Ando mal do fígado ...
A Renault 4 L gemia o seu fado a caminho da Beira Alta.
Naquele tempo, ir a Viseu era uma espécie de aventura. Nós, funcionários dos
Serviços Florestais, também em número de quatro, lá nos balançávamos ao sabor
das curvas, meio nauseados. A missão era espinhosa. Fazer um enfadonho
inventário de um Serviço Estatal que passava para a nossa alçada. Nas curvas do
Bussaco, o Queiroga, meio a dormitar apesar de serem pouco mais de onze horas
da manhã, recordou o seu passatempo favorito – comer. O Carvalho também achou
bem um exercício de mastigação e o António Custódio, que guiava a nave dos
loucos, sorriu e acenou com a cabeça afirmativamente.

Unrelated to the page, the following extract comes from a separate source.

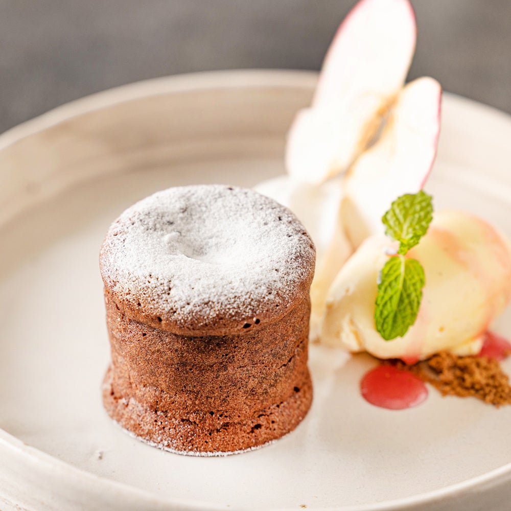 柔らかな果肉を感じる甘酸っぱいりんごを、温かいフォンダンショコラの中に忍ばせました。ほんのりと苦味を感じるチョコレートがりんごの甘味をひきたてる、大人のスイーツです。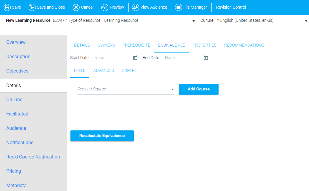 You can use this feature to assign equivalent courses to the learning resource. This means that when a user completes the equivalent course, this resource will also be marked complete.

Eu não me pronunciei e apenas olhava a paisagem, percebendo
que chegar cedo a Viseu, seria já vaga quimera. Dali ao Bussaco era um pulo e
quando dei por mim, estava a desaguar à porta do Palace Hotel. Até ali nada de
preocupante. Preocupante foi ter aparecido o gerente, o Senhor Santos, no seu
fato elegante e um sorriso de franca hospitalidade. Num ápice estávamos dentro
da luxuosa e cara Unidade Hoteleira, convidados para almoçar.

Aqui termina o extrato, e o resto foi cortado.